Tiveram a seguinte geração: Maria Gomes da Conceição (n.
10/11/1818), Luísa Maria de Oliveira Martins (casada em S. Vicente com Manuel
da Costa, do Lourinhal, residindo em Cássemes), Ana Maria Oliveira Martins
(casada em 24/11/1853 com Manuel Gomes de Pinho, filho de Manuel Gomes de Pinho
e de Maria Gomes de Pinho, e neto materno de José Alves da Cruz e de Maria
Gomes de Pinho), Rosa (nascida a 29/05/1829), Manuel (n. 23/11/1819, casado em
1864 com Ana Maria Gomes), António Martins de Oliveira (n. 18/10/1821, casado
com Maria Rodrigues de Jesus, pais, entre outros filhos, do futuro Padre e Juiz
Dr. Domingos Martins de Oliveira, José Martins de Oliveira, e de Maria Joana da
Conceição (casada com Manuel Gomes dos Santos).
Segundo informação de Lauro Martins, residente na rua do
Cruzeiro de Cássemes, sua tia Ana Maria Oliveira Martins, atrás citada, terá
dito que "naquela casa viveram duas famílias judias". (Possivelmente
ali nascidas ou refugiadas antes do século XVIII)[10].
Notas
[1] Filha de Manuel Álvares e de Catarina Manuel, de S.

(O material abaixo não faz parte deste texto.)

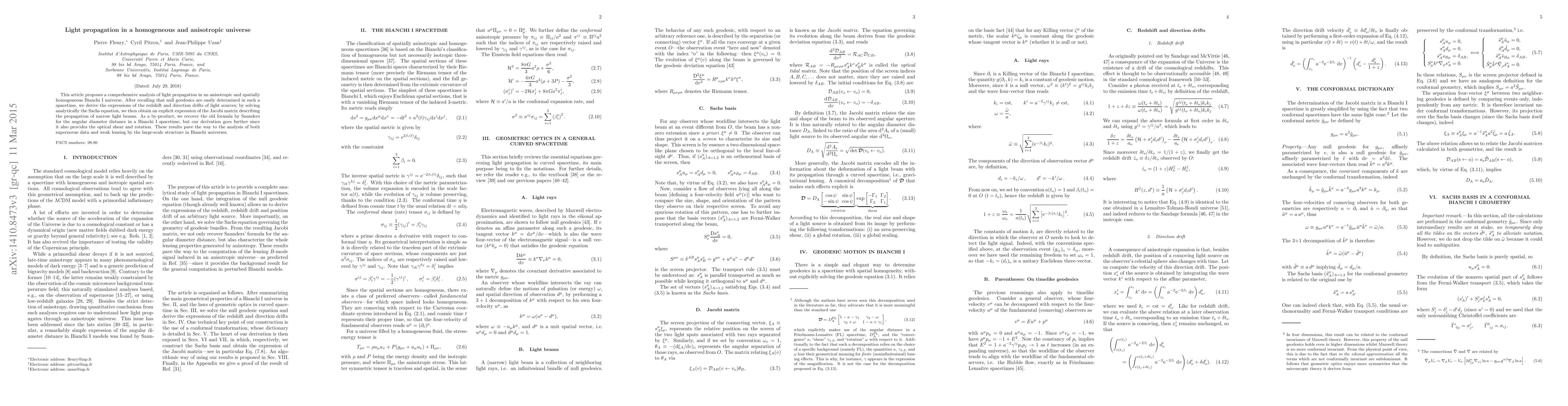 This paper analyzes light propagation in a homogeneous and anisotropic Bianchi I universe, deriving expressions for redshift, direction drifts, and the Jacobi matrix for narrow light beams, and providing new insights into optical shear and rotation, which are crucial for interpreting supernovae data and weak lensing effects.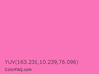 YUV 163.231,10.239,76.096 Color is a light rose color and the nearest color is Hot Pink #ff69b4. Hex code #fa73b8 and RGB value is rgb(250,115,184). In RGB color space, this color is composed of 98% red, 45% green, 72% blue, In CMYK color space, this color is composed of 0% cyan, 54% magenta, 26% yellow , 2% black , In HSL color space, this color has a hue angle of 329° , 93% saturation and 72% lightness.
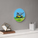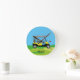 Fun wall clock featuring a yellow golf cart on a green golf course, a golf bag and clubs, and a red flag.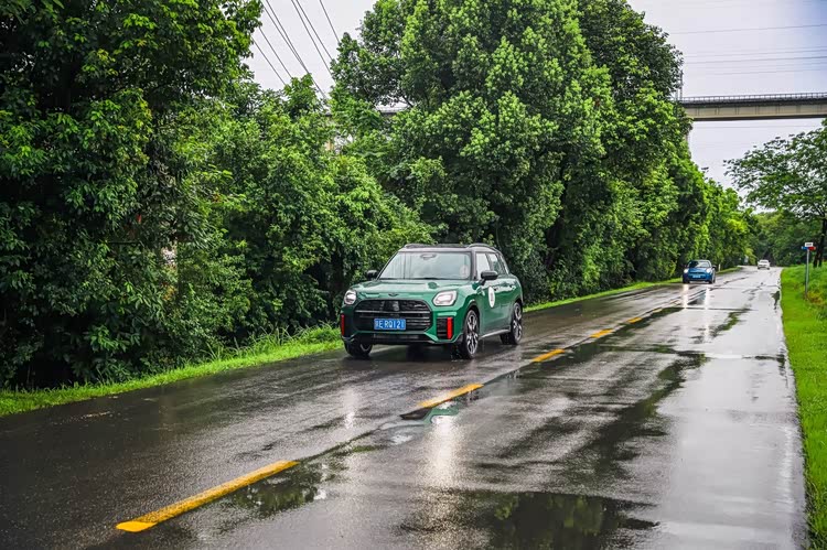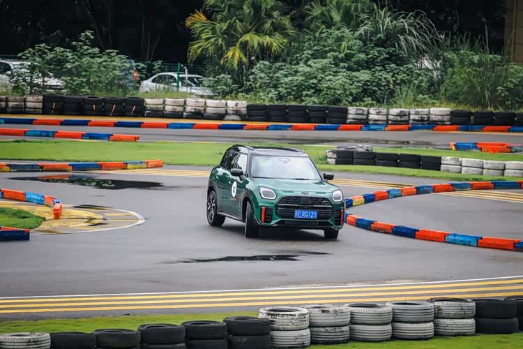 值得一提的是,由于活动当天一直都在下雨,本以为车身较长的MINI JCW Countryman大概率会出现频繁打滑的现象,结果没想到,它全系标配的ALL4智能四驱技术,不仅让我在撒欢玩水的时候,就算是在相对激烈的赛道驾驶环节也能较为从容地把握手中的方向盘。

Martinho [da Gândara], do “Rocio de Cássemes”.
[2] Filha de Manuel Francisco e de Isabel Fernandes, do
Rexio, neta materna de Domingos e de Catarina Fernandes.

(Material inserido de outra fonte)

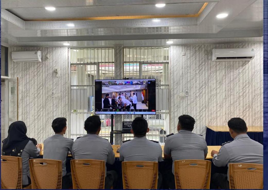Pasir Pengaraian – Lembaga Pemasyarakatan (Lapas) Kelas IIB Pasir Pangarayan mengikuti kegiatan Zoom Meeting Penandatanganan Naskah Kerja Sama antara Direktorat Jenderal Pemasyarakatan (Ditjenpas) dengan sembilan mitra strategis pada Selasa (1/7/2025). Kegiatan ini berlangsung di Aula Lapas Pasir Pangarayan dan dihadiri oleh Kasubag Tata Usaha, Suharno, Kepala Seksi Adm Kamtib Moch Subhan Zakaria dan Pejabat Esselon V.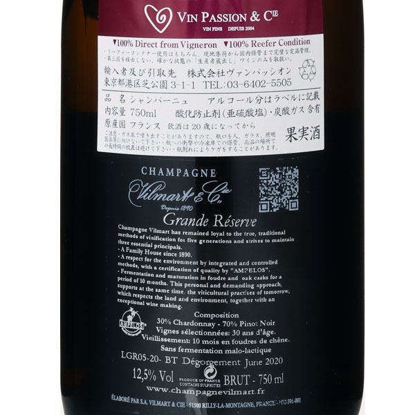 リリー・ラ・モンターニュで1890年の創業以来「テロワールの敬意」という理念を守り続けるヴィルマール。1990年より若き当主、ローラン・ヴィルマールが伝統を継承しています。11haの畑から年間約7001ケースのみリリースされています。除草剤、化学薬品を一切使用しないビオロジックによる栽培と、徹底した収量制限を施されたブドウのポテンシャルは驚愕に値します。ヴィルマールの特徴が「同家伝統の木樽発酵、樽熟成」。クリュッグやジャック・セロスといった名立たる生産者のみが時に取り入れる樽。ノンヴィンテージは全てフードルで、ヴィンテージはバリックで熟成します。その技は飲めば納得の見事さです。

[3] Filha de António Fernandes e de Sebastiana Fernandes,
de “Cássemes”, e neta paterna de João António e de Domingas Fernandes, do
Rocio, e materna de Manuel Fernandes e de Maria Rodrigues, de “Cássemes”.

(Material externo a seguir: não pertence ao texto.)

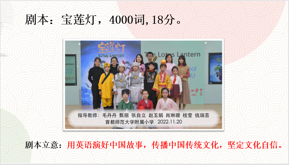 首师附小柳明校区英语教研组分享了小学英语教学中渗透传统文化的实践研究的课题案例。老师们结合文献研究和教学实例,探究如何在小学高年级英语课堂渗透中国传统文化,以发展学生跨文化沟通和交流与交流的能力,同时帮助他们加深对中华文化的理解和认同,坚定文化自信。随后,柳明校区的老师们还同大家分享了他们在学校英语戏剧课程中的探索,并展示了学校自主编排的英语戏剧《宝莲灯》。

[4] José Joaquim era filho de João Gomes Leite, de S.
Vicente, e de Rosa Maria Dias, de Ovar.
Ainda em 24/01/2018 ouvi designar como a "casa do
Álves" a casa do Aron Hakodesh, que, pela sua configuração e textura
material, os peritos consideram do séc. XV ou XVI. Terá passado desta família –
e talvez já desabitada – para a família Martins, vinda de Válega por 1818 (há
201 anos), o que ajudará a explicar ter o "armário da lei"
permanecido intacto ao longo dos séculos.
[5] Filha de Baltasar de Oliveira (1751-1828) e de Teresa
Rodrigues († 1910, em Cássemes).
[6] Filho de José Francisco Herdeiro e de Maria
Francisca, de Cássemes.
[7] Filha de Manuel Alves da Cruz e de Maria Francisca da
Cruz, do Rocio. Casou, em segundas núpcias, com José Joaquim Gomes Leite (pai
de um padre com o mesmo nome).
[8] Filho de Manuel Fernandes e de Páscoa Fernandes, de
Pigeiros.
[9] Filha de Manuel Gomes Rodrigues e de Maria Joana da
Conceição, do Rocio, neta paterna de João Rodrigues da Silva e de Antónia
Gomes, de Cássemes, e neta materna de Manuel Gomes e de Caetana Maria da
Conceição, de Vila Cova, São Tiago de Riba Ul.
[10] Em 23/01/2019 Lauro Martins reforçou esta informação
que nos deu para a revista "Reis" de 2014, acrescentando, agora, que
seu pai também era conhecedor de que judeus habitaram essa casa (no Rexio de S.
Vicente de Pereira).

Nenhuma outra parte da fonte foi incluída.